The problem - The copy you give must match the records exactly, except that it holds no images.

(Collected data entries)
════════

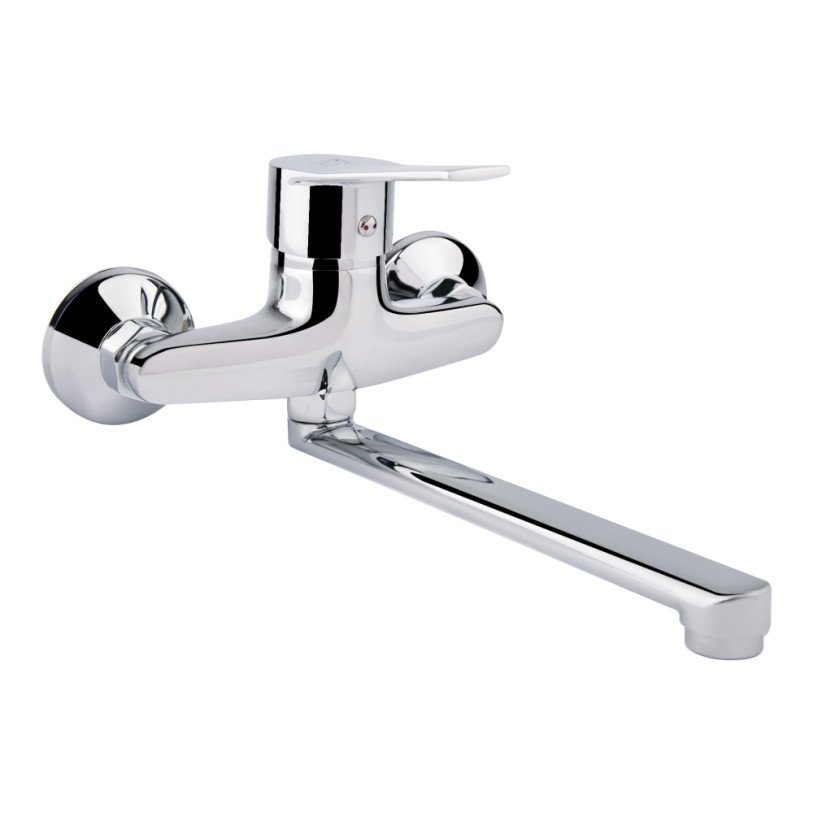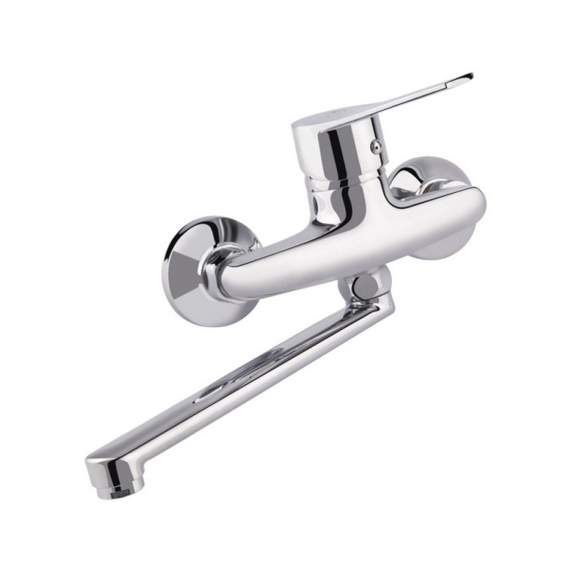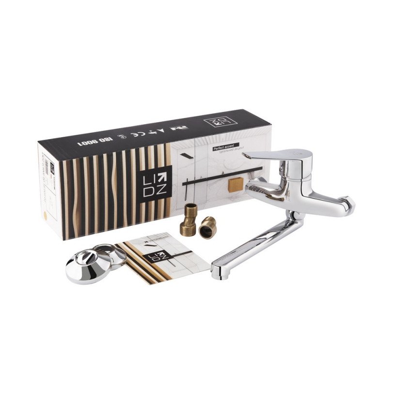 Смеситель для кухни с поворотным изливом Lidz (CRM) 40 87 009 благодаря глянцевой блестящей поверхности будет смотреться эстетично и подойдет под любой интерьер комнаты. Он монтируется на стену над кухонной чашей. Круглые декоративные розетки скроют погрешности установки на отделке. Напор воды и ее температура регулируются поворотом рычага в необходимое положение. Он имеет нанесенные маркировку Х+Г воды и фирменный логотип производителя.
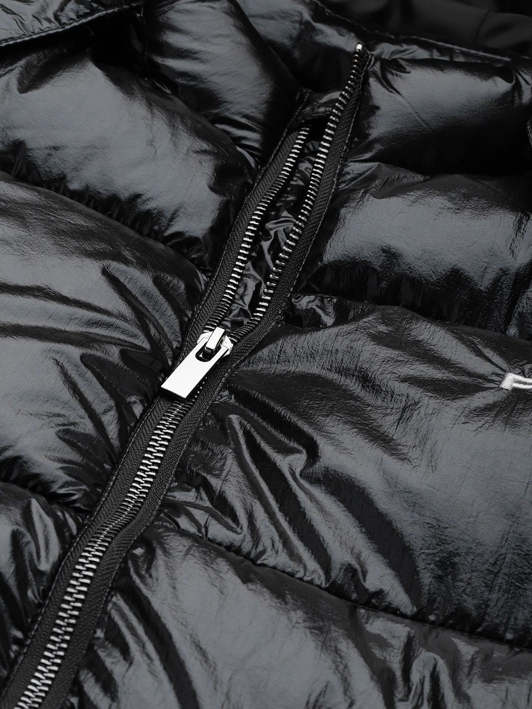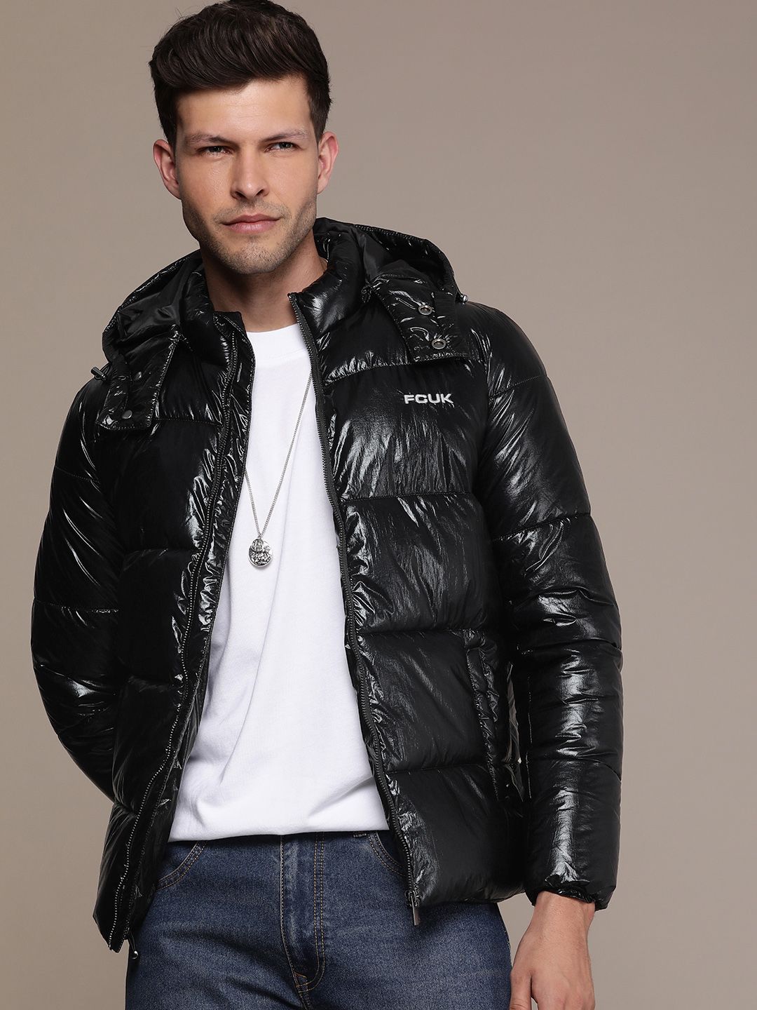 Black solid puffer jacket, has a hooded, 2 pockets, has a zip closure, long sleeves, straight hemline, polyester lining engineered with no
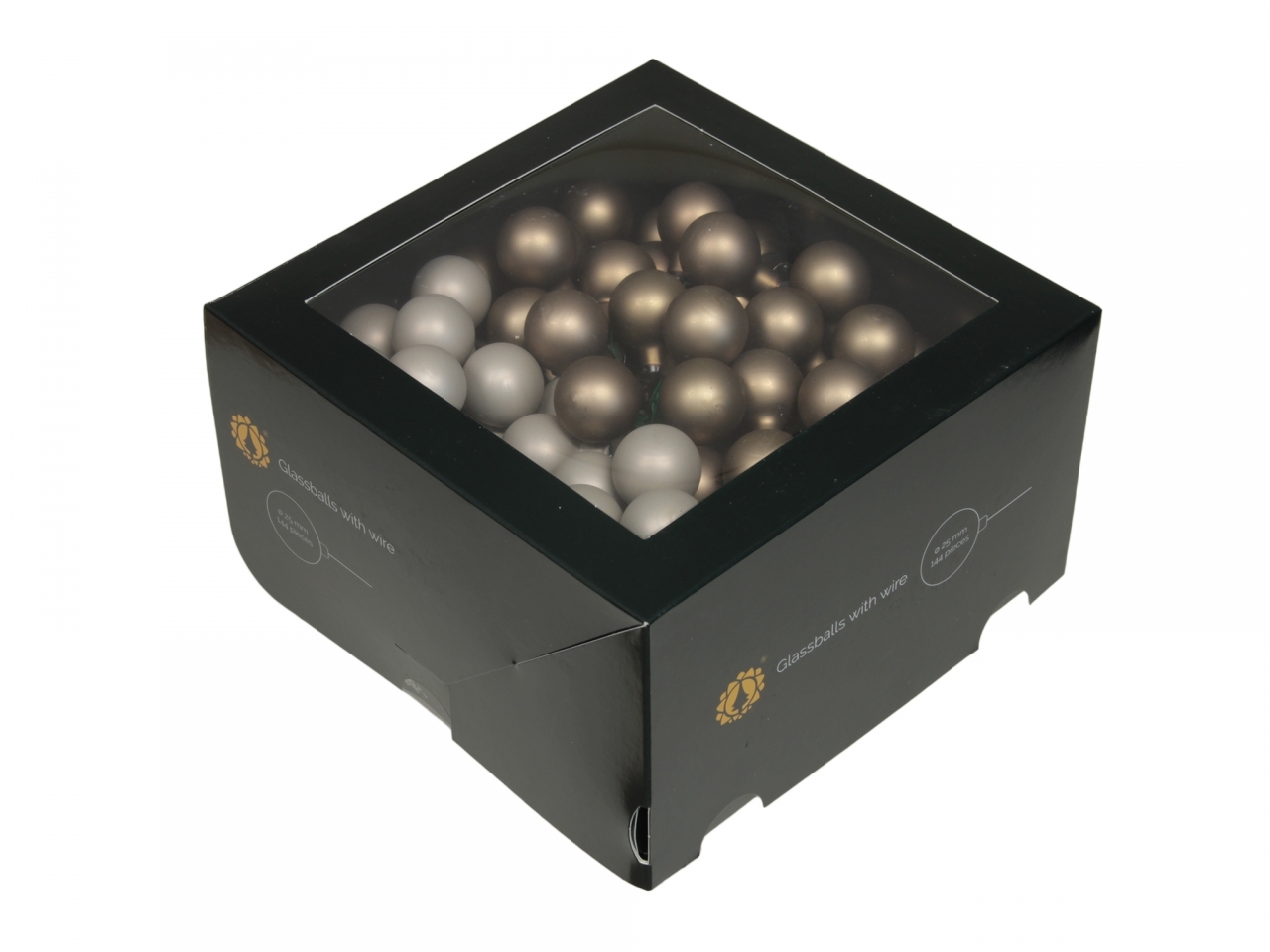 Sada 144 ks skleněných baněk s drátkem v barvě eukalyptu.
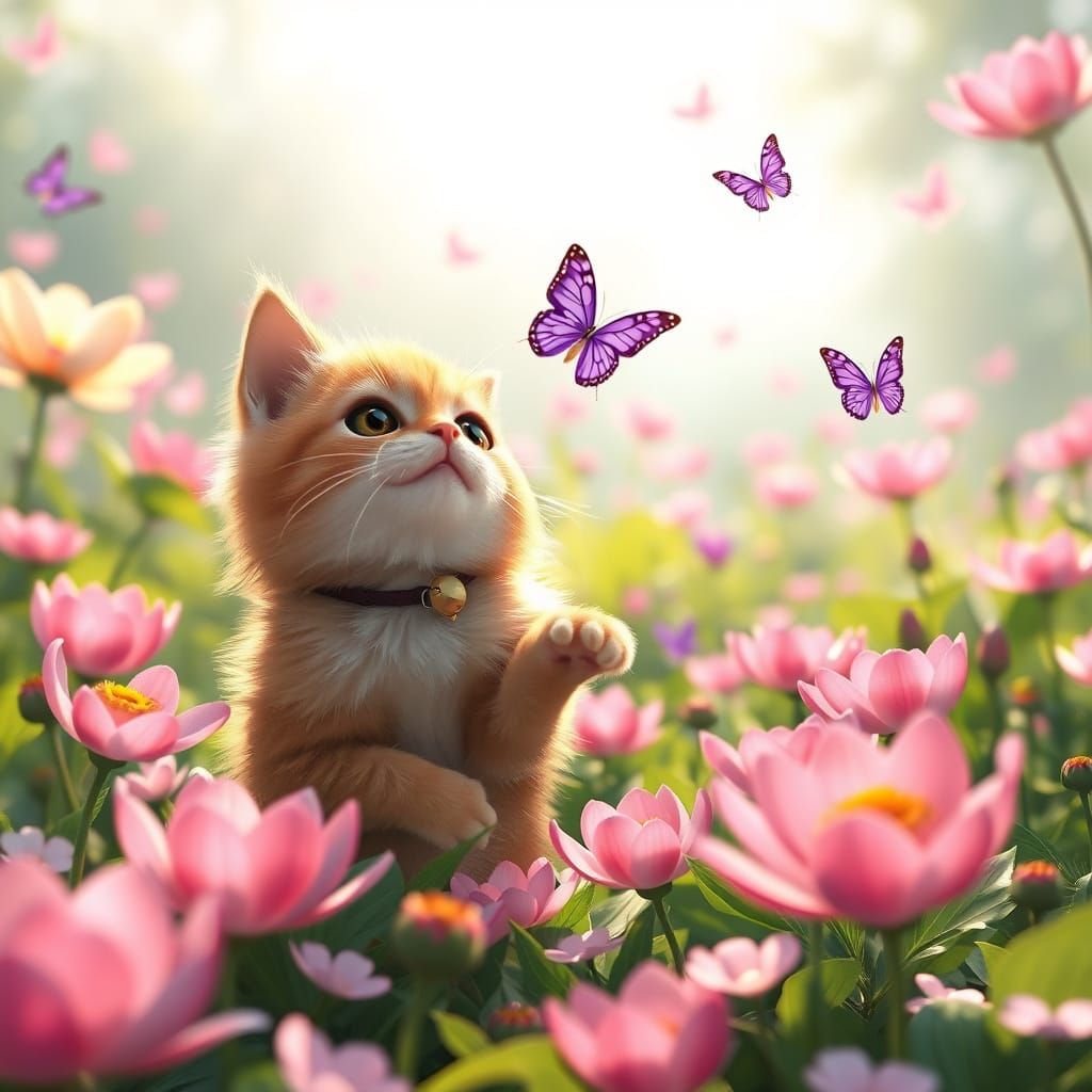 A vibrant image of an orange cat chasing butterflies in a lotus meadow. The scene is rendered as 3D anime art, with soft lighting and intricate textures, similar to a pixiv illustration.
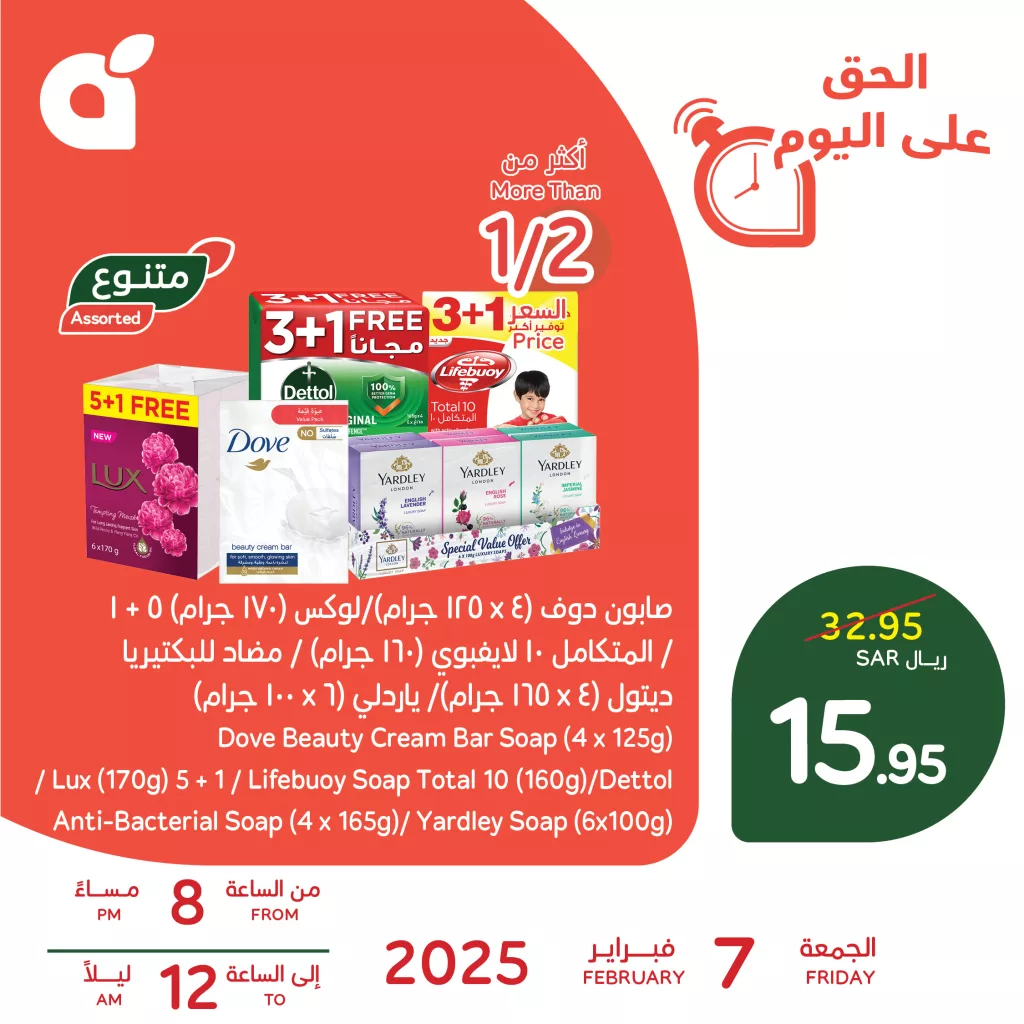 تقدم هايبر بنده عروضًا يومية مميزة على المنتجات الأساسية، وخاصة خلال فترة العروض الرمضانية، حيث يمكنكم الاستفادة من تخفيضات كبيرة على مجموعة متنوعة من المنتجات. واليوم، يأتيكم عرض خاص على مجموعة من أفضل أنواع الصابون بخصم يتجاوز 50%، مما يمنحكم فرصة رائعة للتوفير على منتجات النظافة الشخصية الأساسية.
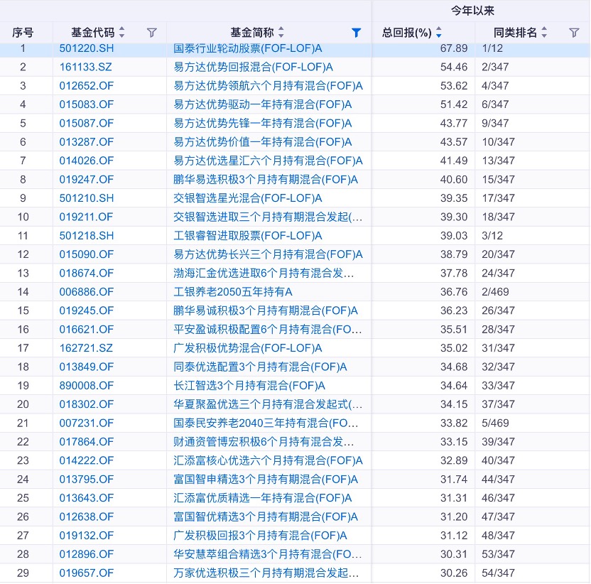 29只FOF年内回报率超30%
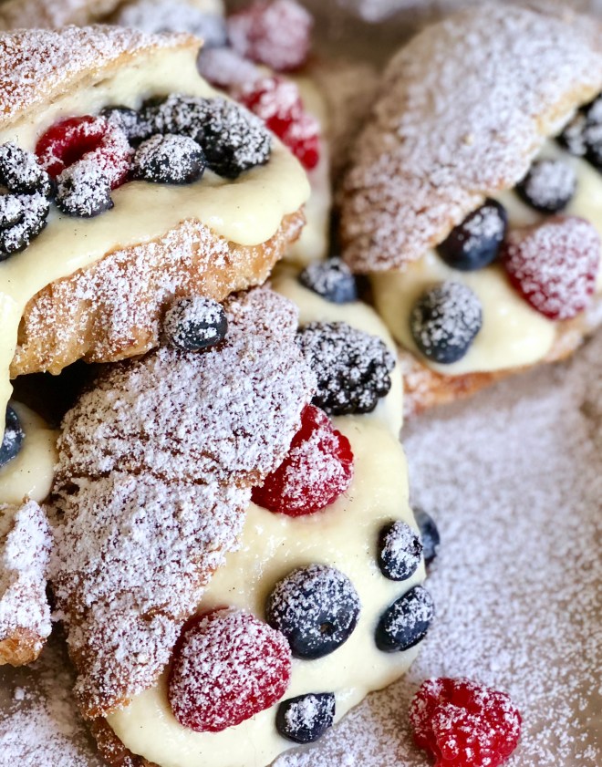 - Serve over split croissants with fresh berries and a dusting of confectioner’s sugar.
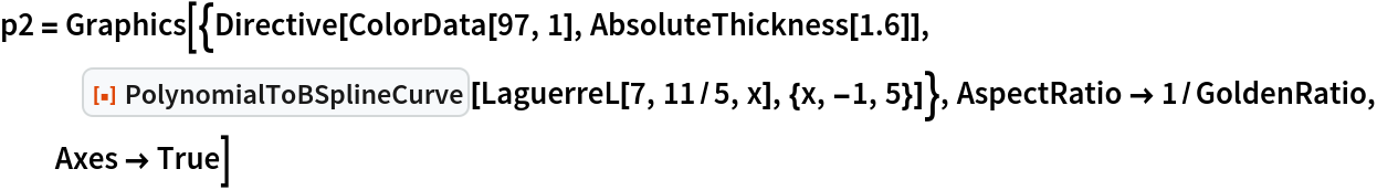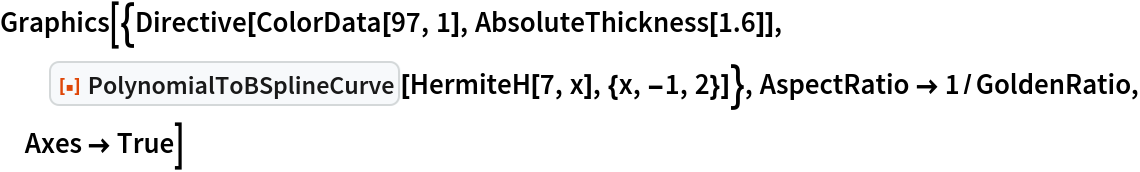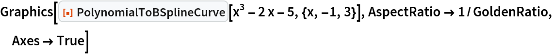 ResourceFunction["PolynomialToBSplineCurve"][p,{x,xmin,xmax}] generates a BSplineCurve representation of the polynomial p as a function of x from xmin to xmax. |

════════

Answer box -
 Смеситель для кухни с поворотным изливом Lidz (CRM) 40 87 009 благодаря глянцевой блестящей поверхности будет смотреться эстетично и подойдет под любой интерьер комнаты. Он монтируется на стену над кухонной чашей. Круглые декоративные розетки скроют погрешности установки на отделке. Напор воды и ее температура регулируются поворотом рычага в необходимое положение. Он имеет нанесенные маркировку Х+Г воды и фирменный логотип производителя.
 Black solid puffer jacket, has a hooded, 2 pockets, has a zip closure, long sleeves, straight hemline, polyester lining engineered with no
 Sada 144 ks skleněných baněk s drátkem v barvě eukalyptu.
 A vibrant image of an orange cat chasing butterflies in a lotus meadow. The scene is rendered as 3D anime art, with soft lighting and intricate textures, similar to a pixiv illustration.
 تقدم هايبر بنده عروضًا يومية مميزة على المنتجات الأساسية، وخاصة خلال فترة العروض الرمضانية، حيث يمكنكم الاستفادة من تخفيضات كبيرة على مجموعة متنوعة من المنتجات. واليوم، يأتيكم عرض خاص على مجموعة من أفضل أنواع الصابون بخصم يتجاوز 50%، مما يمنحكم فرصة رائعة للتوفير على منتجات النظافة الشخصية الأساسية.
 29只FOF年内回报率超30%
 - Serve over split croissants with fresh berries and a dusting of confectioner’s sugar.
 ResourceFunction["PolynomialToBSplineCurve"][p,{x,xmin,xmax}] generates a BSplineCurve representation of the polynomial p as a function of x from xmin to xmax. |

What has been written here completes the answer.